Print takes 'social good' route to engage readers
Newspapers today are taking their social service role to a whole new level. However, the question is if such a move can make any headway in bringing in a more transparent & supportive environment
Newspapers today are taking their social service role to a whole new level – with not just news articles, but by supporting causes and using their widespread reach to create awareness about these issues. However, the crucial question is if such a move can make any headway in bringing in a more transparent and supportive environment?
DNA’s latest campaign, ‘Good is in our DNA’, urges people to ‘Be Polite’. The campaign is targeted at the fast-paced life in urban cities, where people do not have the time for niceties.
A few years back, Pakistan’s leading newsgroup, The Jang Group, and The Times of India Group in India collaborated for their ambitious ‘Aman Ki Asha’ campaign, which was conceived around creating better bilateral ties between the two countries. In its third year now, the campaign has over the years organised various cultural events and has run articles in both the leading newspapers across the two countries supporting the cause.
Though national dailies have a larger audience, it is the regional dailies that are seen as making a better impact, or so it seems from the campaigns by Dainik Bhaskar and Hindustan (Hindi). With the launch of ‘Friends of Hindustan’, Hindi daily Hindustan aims to identify people’s problems, empower them to voice them and in the process create a movement.

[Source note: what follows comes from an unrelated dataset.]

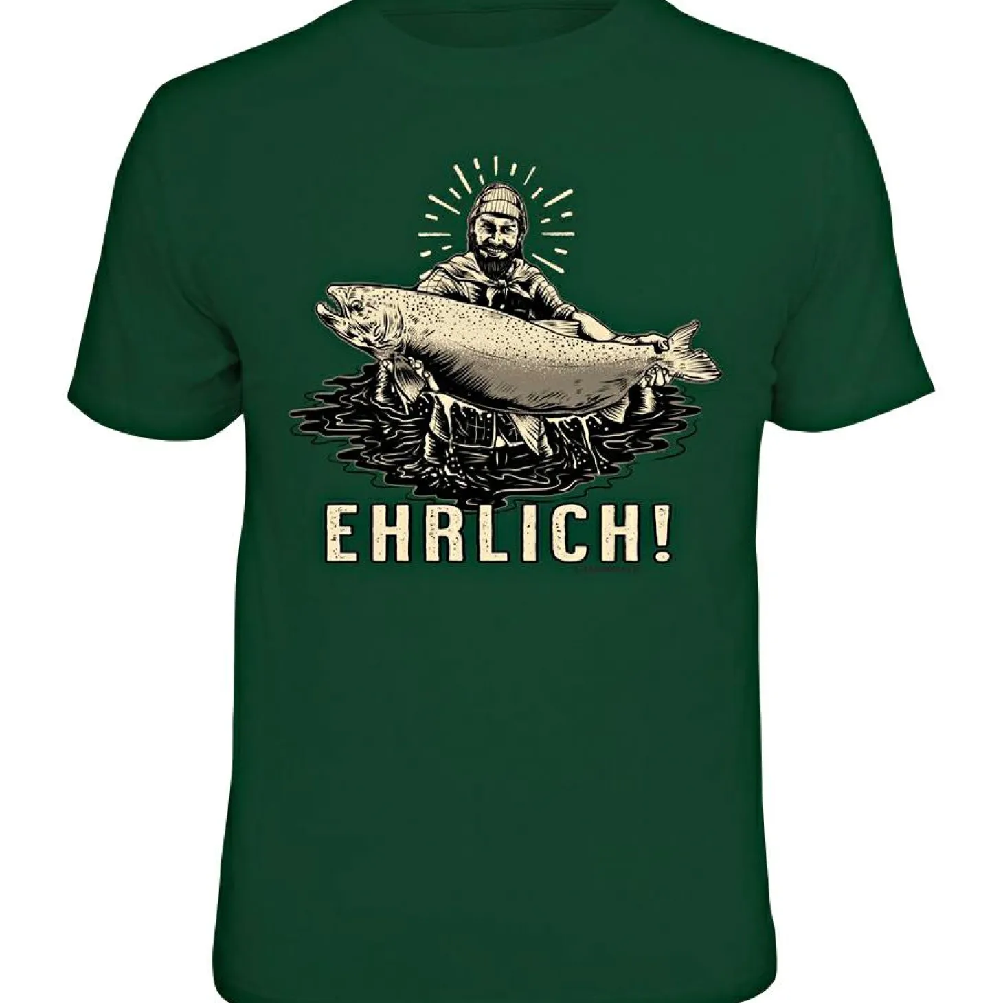 Bequemes, gerade geschnittenes Kurzarm-Shirt mit hohem Rundhalsausschnitt. Ideal für den Ausflug ans Gewässer, aber auch für den Alltag geeignet. Der große Schriftzug vorne verdeutlichen stark Ihre Liebe zum Hobby: „Ehrlich“. Das Material ist angenehm zu tragen. Farbe: grün.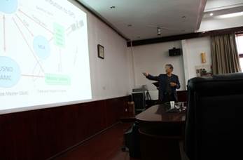2014年8月25日至26日,美国海军天文台首席科学家Demetrios Matsakis博士应邀来国家授时中心访问并开展学术交流,并做了“GPS Time and Time Transfer”、 “Timekeeping and time system of GPS”以及“Timekeeping and Time Transfer in USNO”的专题报告,报告由时间频率基准实验室副研究员袁海波主持,中心40余名科研人员和研究生听取报告并参加了学术交流。

Dainik Bhaskar seeks to make a difference with its public awareness campaigns such as ‘Beti Bachao’ and ‘Zidd Karo, Duniya Badlo’. Combined with print ad campaigns, outdoor, social media campaigns and on-ground activities, the group plans to amplify the output.
The Hindu, with its ‘Undumb India’ campaign, took a stand on making India a better informed country – with its various ATL and BTL activities that were against what they believed is ‘junk food journalism’ and the steady dumbing down of news content.
Hindustan Times, on the other hand, took up the cause of growing illiteracy and decided to counter it with its ‘You Teach; They Learn’ campaign. Currently rolled out in Delhi, this campaign aims at reducing the levels of illiteracy by enrolling children in schools and helping their families learn too.
The need of the hour today is to create a platform where everyone can voice their opinions without being judged or branded. Keeping this in mind, The Times of India had launched its ‘Teach for India’ campaign, and has been an active campaigner of adult education in the country for many years now.
What strikes a chord here is the fact that while some national brands are running social causes to either fulfill their CSR mandates or as part of their PR activities, there are others who have taken this path in a bid to actually make a difference.